##### Data in this exercise

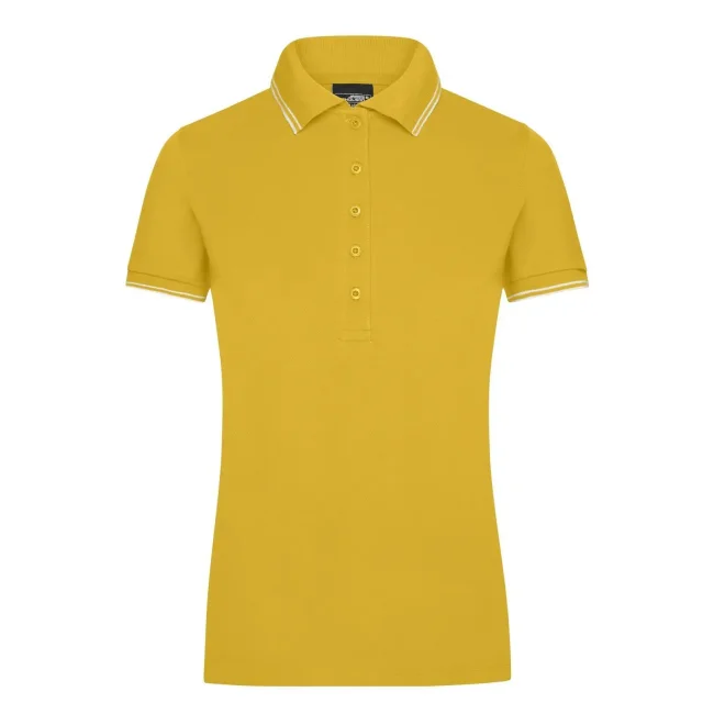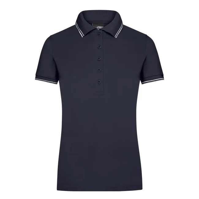 95% cotone, 5% elastan. Maglietta polo in tessuto elastico piqué Colletto e giromanica con bordini in maglia e strisce a contrasto, Spacchetti laterali in colore contrastante, 5 bottoni, taglio sagomatoTessuto esterno (190 g/m²).
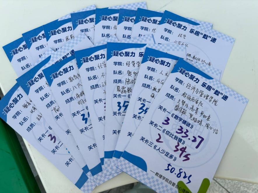 本次活动内容丰富,形式多样。现场设有数字猜谜、你比我猜、人多足少等多种有趣的活动项目,同学们在思考和欢乐中提升数学思维,感受数学学习的乐趣。整场活动从三点持续到五点,分三个批次三个关卡,大家互相鼓励、互相帮助,锻炼了身体协调能力,培养了协作沟通能力,增强了逻辑推理能力。
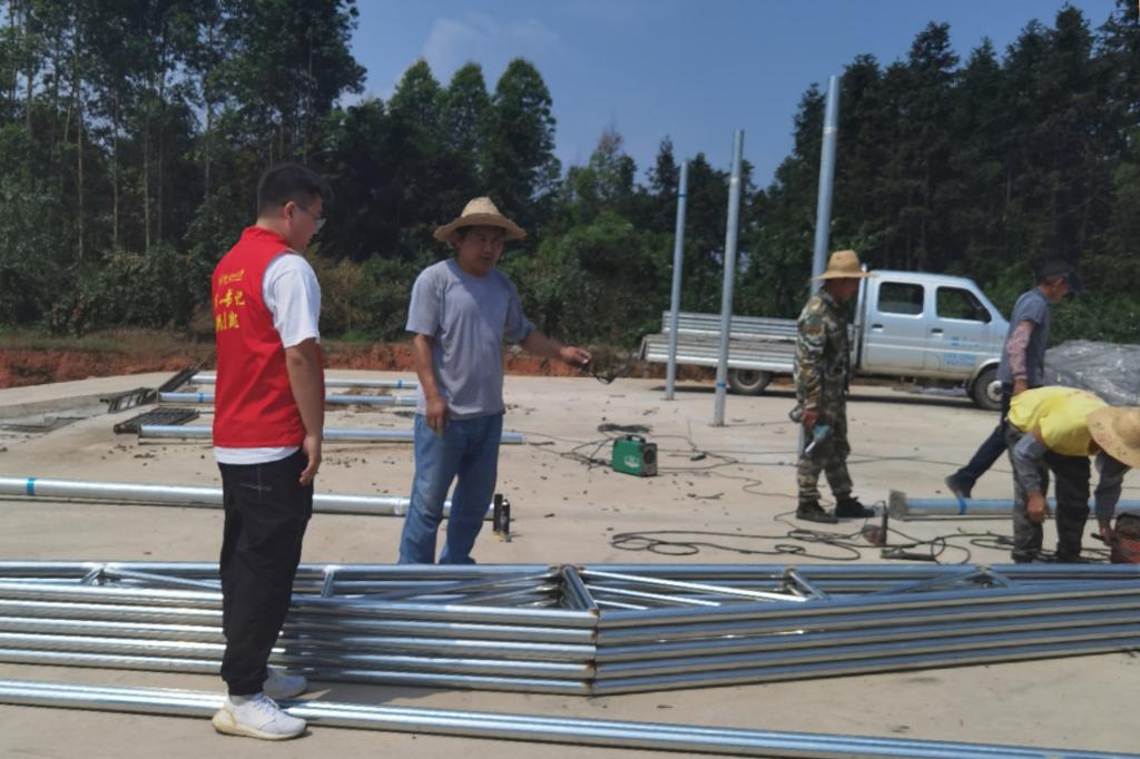 6月14日,三树村第一书记周剑凯与村两委积极推进果园场遮阳棚建设,搭建三树村李子销售平台,进一步规范、优化果农产销环境。
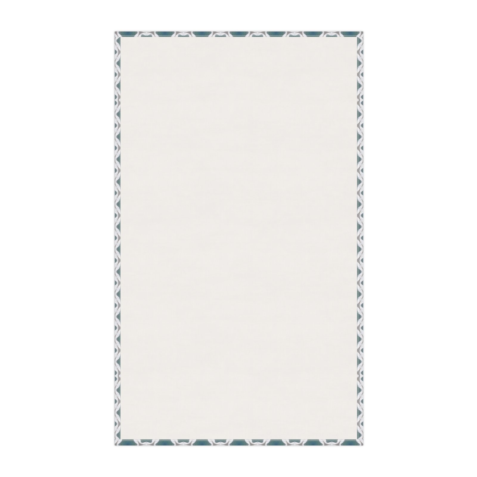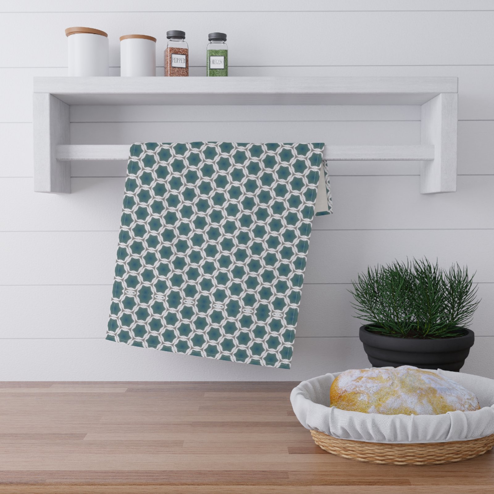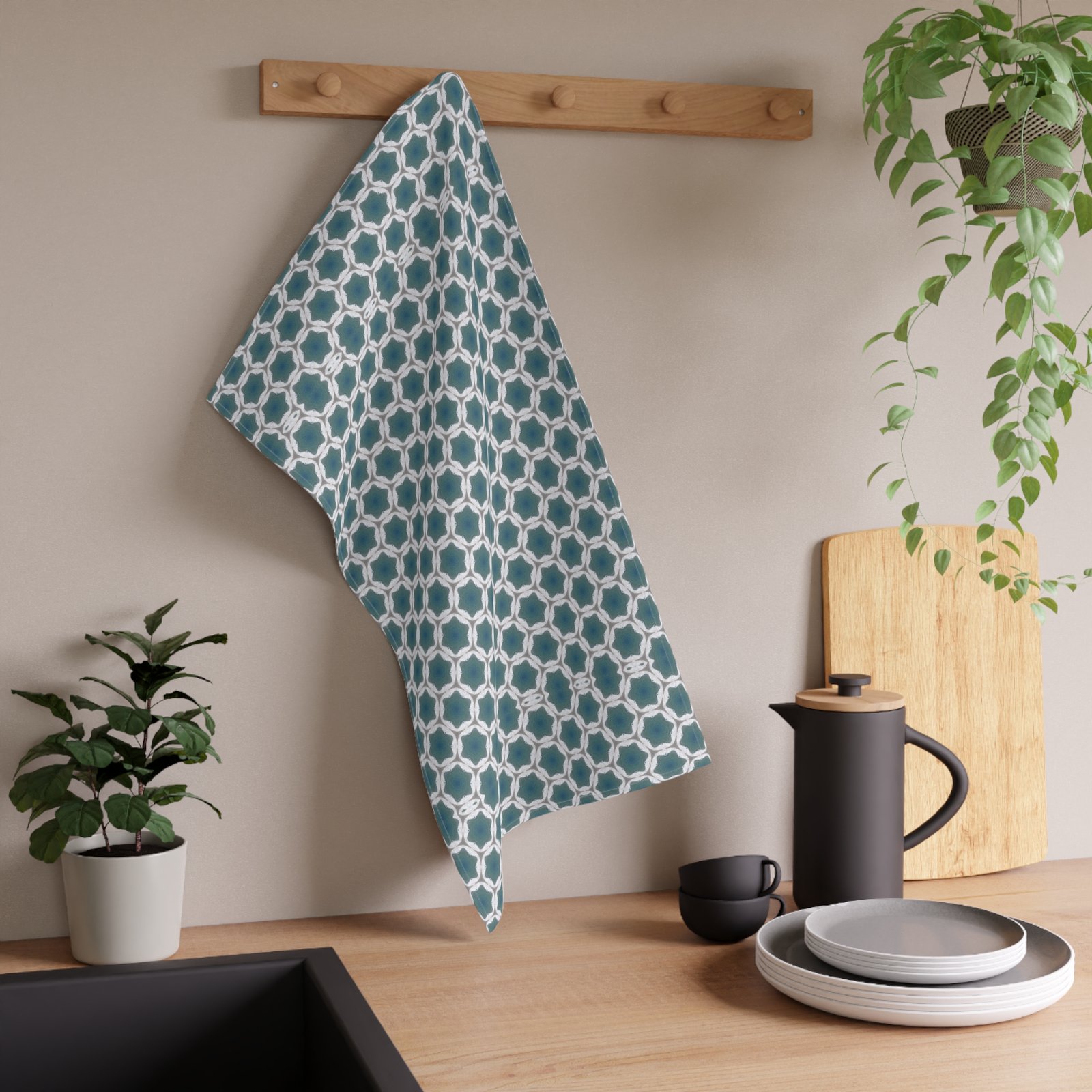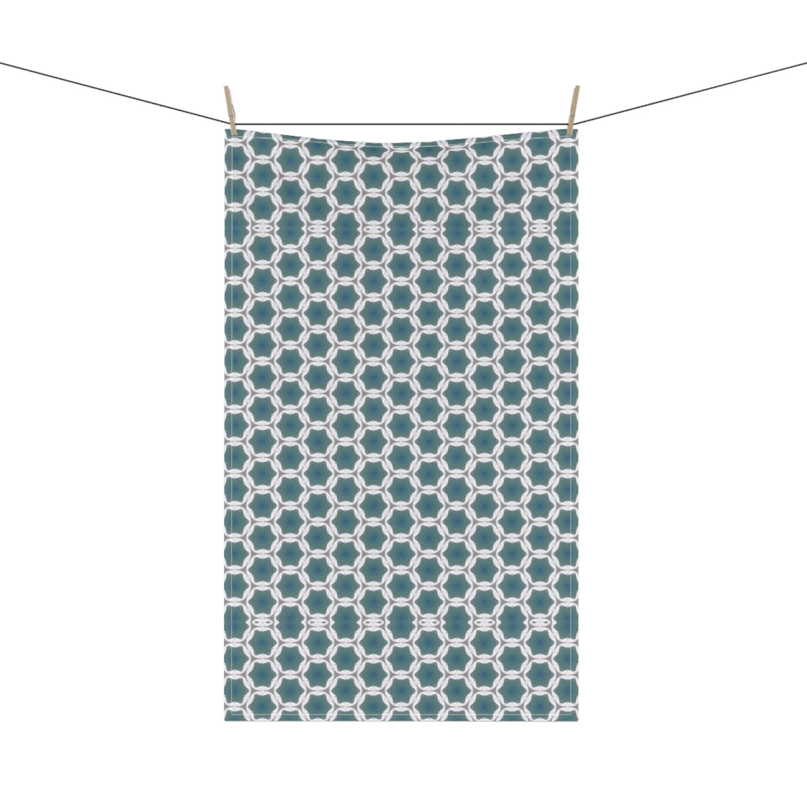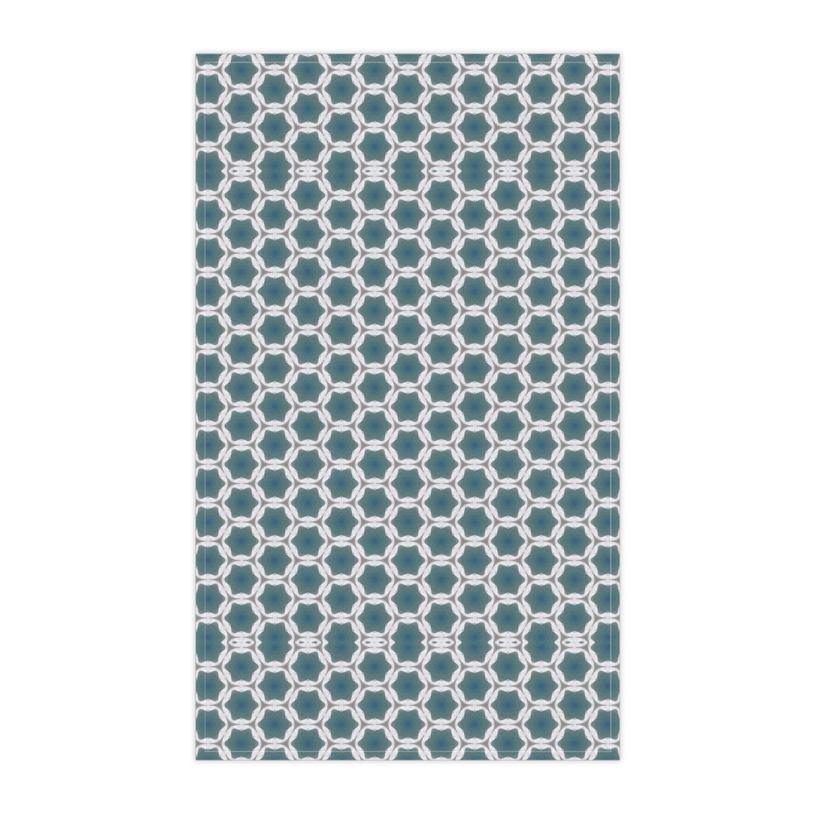 Soft, patterned tea towel that brings calm geometry to everyday kitchen tasks. The cool teal and white interlocking motif feels collected and a little vintage — like a quiet morning with a steaming mug and a book. Lightweight and neatly hemmed, this towel drapes easily over an oven handle or drying rack and dries dishes and hands without fuss. The single-sided print keeps the design crisp and concentrated where you see it most. It slips into routines for people who love thoughtful, well-designed home goods and who enjoy layering subtle pattern into a clean, modern kitchen. Works beautifully for casual brunches, slow weekend baking, or as a finishing touch when hosting close friends.
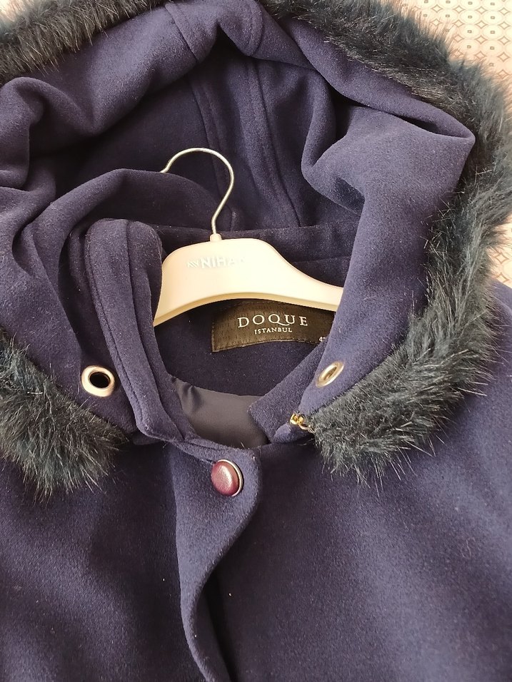 Kürklü kapüşonlu, koyu lacivet renkte, notched lapel yakalı, uzun kollu, rahat ve sıcak dokulu kaban armineden alinmis çok yeni kg nedeniyle giyemedim

##########

The task:
Print each line of the listing, starting at its first and ending with the line that holds "6月14日,三树村第一书记周", but skip any pictures.

Final answer:
 95% cotone, 5% elastan. Maglietta polo in tessuto elastico piqué Colletto e giromanica con bordini in maglia e strisce a contrasto, Spacchetti laterali in colore contrastante, 5 bottoni, taglio sagomatoTessuto esterno (190 g/m²).
 本次活动内容丰富,形式多样。现场设有数字猜谜、你比我猜、人多足少等多种有趣的活动项目,同学们在思考和欢乐中提升数学思维,感受数学学习的乐趣。整场活动从三点持续到五点,分三个批次三个关卡,大家互相鼓励、互相帮助,锻炼了身体协调能力,培养了协作沟通能力,增强了逻辑推理能力。
 6月14日,三树村第一书记周剑凯与村两委积极推进果园场遮阳棚建设,搭建三树村李子销售平台,进一步规范、优化果农产销环境。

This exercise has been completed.